The Infallible Standard

W. B. Boggs, 1898

Taken from The Baptists, Who Are They and What do They Believe?

The great fundamental principle of the Baptist is this: That the Word of God is the only, all-sufficient, and infallible standard and authority in religious things. They demand a “thus saith the Lord” for every doctrine and rule and practice for which authority is claimed in the churches of Christ. They insist upon unswerving fidelity to the Holy Scriptures, without adding thereto or taking there from. “To the law and to the testimony,” is their motto. In place of Canon Laws and Rubrics, and Ecclesiastical Institutes, and Books of Discipline, and Directories “by authority,” they regard the Bible as the only authoritative statute book in the things of religion.


Surely this principle is the only safe one. For the slightest departure from it, or the adoption of any other, opens the way for the modification of Christ’s laws, or even their abolition, and the substitution of human laws, resulting in unlimited changes of faith and practice.

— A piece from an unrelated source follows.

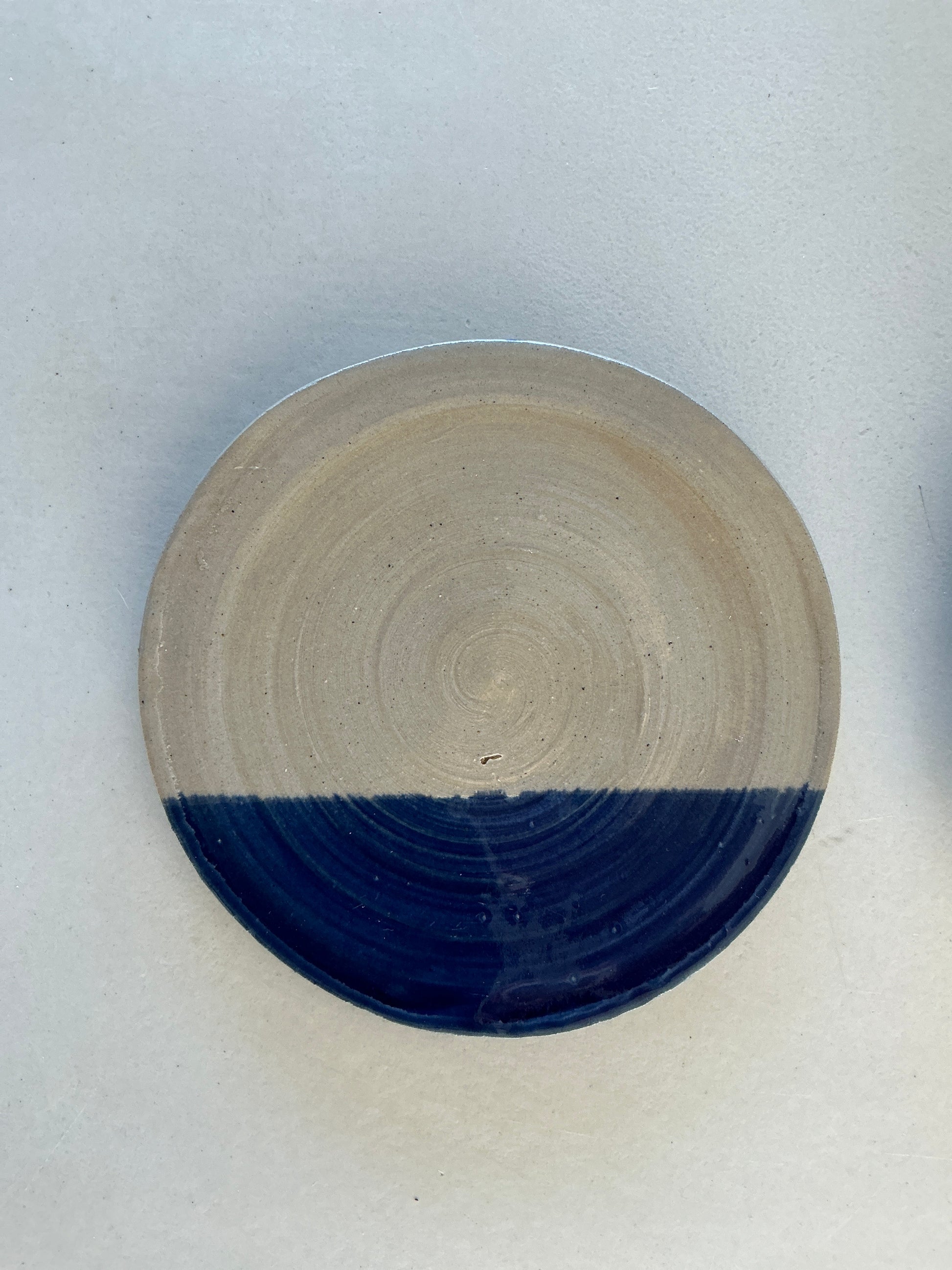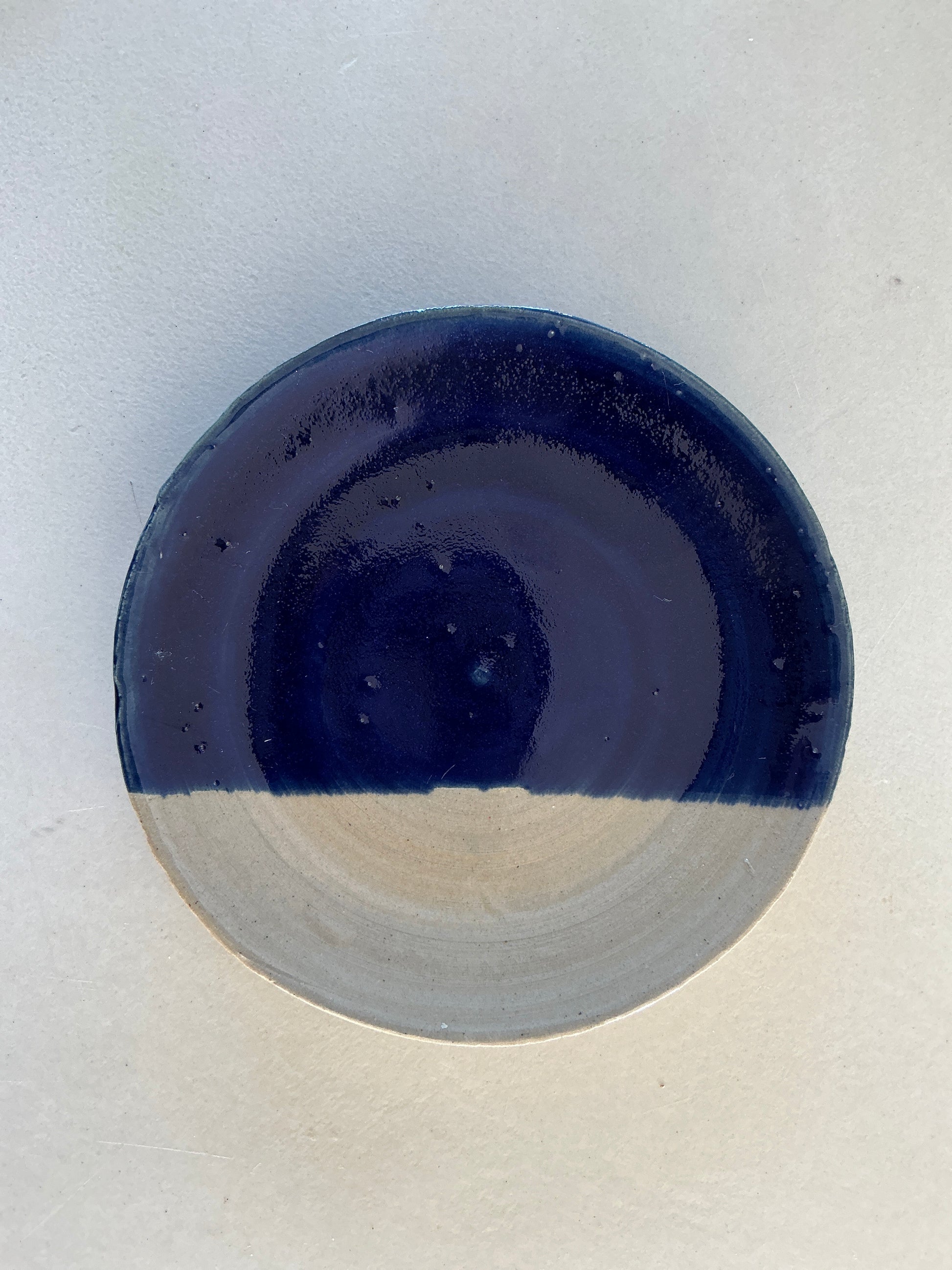 2 Assiettes asymétriques émaillées en Bleu Klein et émail transparent

This principle commends itself as one of prime importance, and requiring the strictest adherence. For if the Bible is not all-sufficient, and additional regulations have to be made, who shall make them?


Wise men differ widely. The learned of one age might repudiate the principles adopted by those of a former age. One council might ignore the decrees of another; and thus endless confusion must ensue. Let the dissensions and distractions of Christendom be the forcible, yet sad illustration.


Besides all this, God has said, “the wisdom of this world is foolishness with God.” The Lord alone is the rightful lawgiver of his church. His people are not at liberty to make laws; their duty is simply to execute and obey those already made by the great Legislator. What He has laid down they are to observe; what He has not enacted they may not demand.


It is thus that Baptists hold the headship of Christ They really and practically hold him as the “Head over all things to the church,” “that in all things he might have the pre-eminence.”


They believe that no command of Christ is nonessential. There is much talk about essentials and non-essentials. But how can any command, or even the slightest intimation of the will of the all-glorious King of kings and Lord of lords, the Redeemer and Head of the church, be unimportant? Every word of his is pregnant with meaning and weighty with authority.


This principle has not always been firmly held. If it had been unswervingly adhered to from the beginning, Christianity would doubtless have been saved very largely from corruption and division, and a complete return to it now would tend greatly to the unity of all believers.